STORED DATA
================
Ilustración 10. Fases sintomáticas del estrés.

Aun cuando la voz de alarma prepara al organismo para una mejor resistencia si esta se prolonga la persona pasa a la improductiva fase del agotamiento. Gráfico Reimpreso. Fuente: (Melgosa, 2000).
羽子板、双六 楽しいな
================
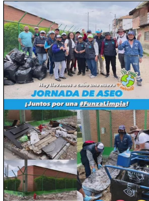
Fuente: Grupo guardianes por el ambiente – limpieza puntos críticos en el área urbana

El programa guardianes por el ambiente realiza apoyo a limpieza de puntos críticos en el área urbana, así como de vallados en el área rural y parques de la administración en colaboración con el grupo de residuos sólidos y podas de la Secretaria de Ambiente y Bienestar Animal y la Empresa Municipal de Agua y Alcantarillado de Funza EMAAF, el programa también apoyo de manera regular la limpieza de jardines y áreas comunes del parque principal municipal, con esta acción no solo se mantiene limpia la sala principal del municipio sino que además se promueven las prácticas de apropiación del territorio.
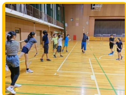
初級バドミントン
================
WHAT IS BEING ASKED
With the line holding "Ilustración 10. Fases" as the first and the line holding "羽子板、双六 楽しいな" as the last, set down that range of the entries above exactly, and nothing else.

ANSWER TO THIS EXERCISE
Ilustración 10. Fases sintomáticas del estrés.

Aun cuando la voz de alarma prepara al organismo para una mejor resistencia si esta se prolonga la persona pasa a la improductiva fase del agotamiento. Gráfico Reimpreso. Fuente: (Melgosa, 2000).
羽子板、双六 楽しいな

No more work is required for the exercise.